Added 12th October 2018 12:00 AM

"80% of the approximately 40 million people depending on forests is a lot"

 

Making cooking gas affordable will save the forests from being cut down for charcoal and firewood. This is because the level of deforestation in the country is increasing at an alarming rate. Currently, the smallest cooking gas cylinder goes for between sh55,000 to sh60,000.

This is according to the deputy executive director of the National Environment Management Authority (NEMA) Christine Echookit Akello. She was on Friday officiating at a dialogue to combat desertification, organised by the agriculture ministry under the Rio Conventions project and PELUM Uganda at Rider Hotel in Seeta.

Akello said that the increasing deforestation is also explained by the fact that the population is increasing and the dependence on charcoal has always been at almost 80%. She argues that 80% of the approximately 40 million people depending on forests is a lot.

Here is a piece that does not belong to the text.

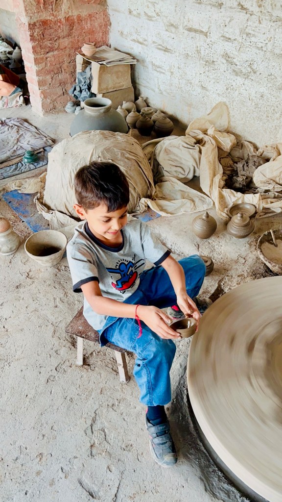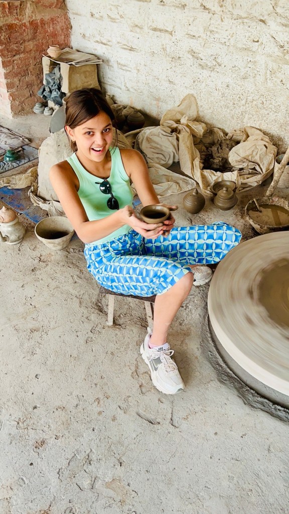 We also went on a village safari, driving in a jeep through a rural village. We learnt about the potters and how they make the pottery, the weavers and their cooperation and we had a traditional meal. It was very interesting!
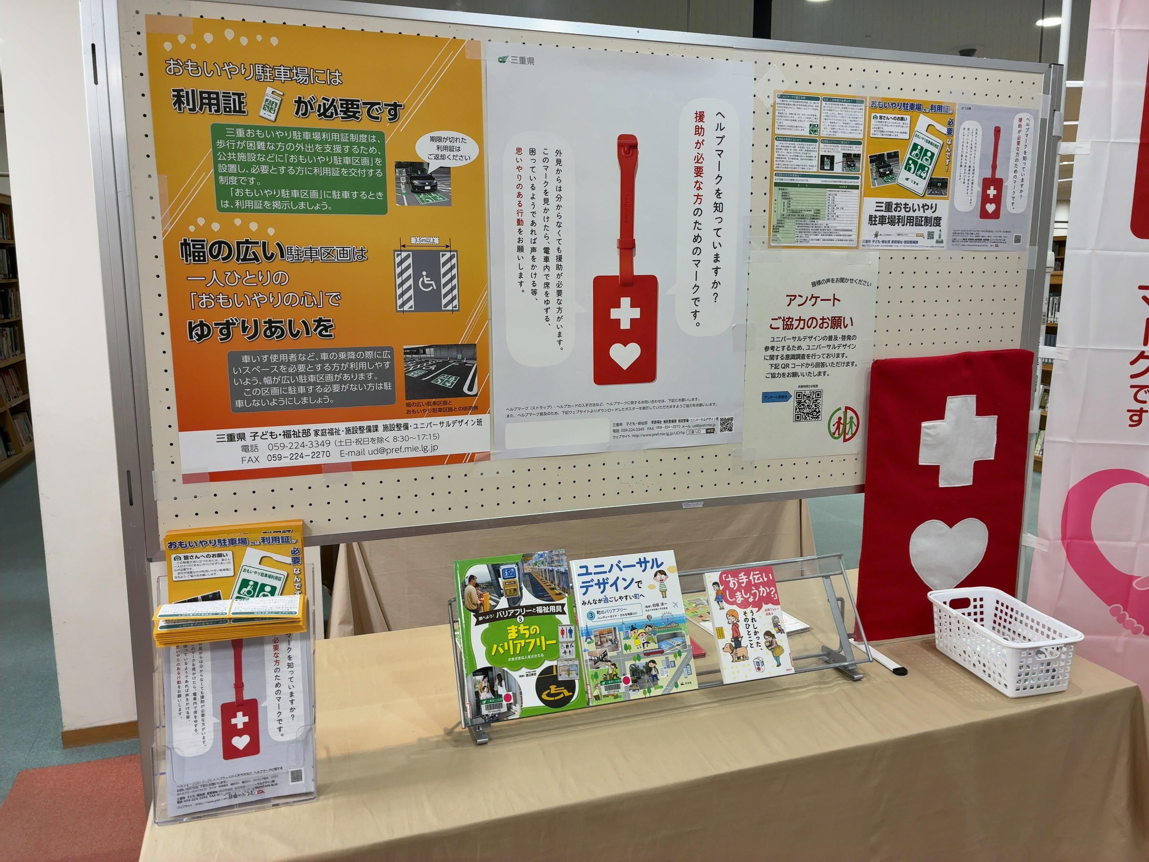 三重県では、「三重県ユニバーサルデザインのまちづくり推進計画」を策定し、だれもが自由に社会参加できるユニバーサルデザインのまちづくりを進めています。「ヘルプマーク」や「三重おもいやり駐車場」に関する掲示や啓発物の配布のほか、ユニバーサルデザインに関する本を展示しています。

“So the issue as a country is finding out whether it is sustainable to continue using charcoal for cooking or look for cheaper alternatives that are both good of the people and environment,” she said.

Akello added that to be able to move from charcoal to gas for instance, gas has to be made affordable and that it must be spread across the country.

She noted that much as Uganda’s gas reserves are quite limited, the country intends to produce gas when the development phase in the Albertine Graben starts and this gas will have to be tested to see its viability for cooking.

“But alongside that we also intend to import some gas from Tanzania since there is  going to be a gas pipeline in addition to other imports of gas from other parts of the country, this will make available enough gas for all to use,” added Akello.

How it works out

For the measure to be successful, Akello said that different sectors like the energy and environment ministries, NEMA and the agriculture ministry have to find out how much gas is needed for domestic consumption so as to make it easily available.

“We need to sit as sectors together with the ministries and policy makers to make a business case for migration from charcoal to gas. Through this discussion, we may propose tax rebates like removing or reducing taxes on gas and other sources of clean energy for the health of the people and conservation of the environment,” she added.

She however noted that deforestation is not only due to charcoal but other uses such as timber for construction, but that charcoal takes the biggest percentage, adding that the migration to gas should be a priority.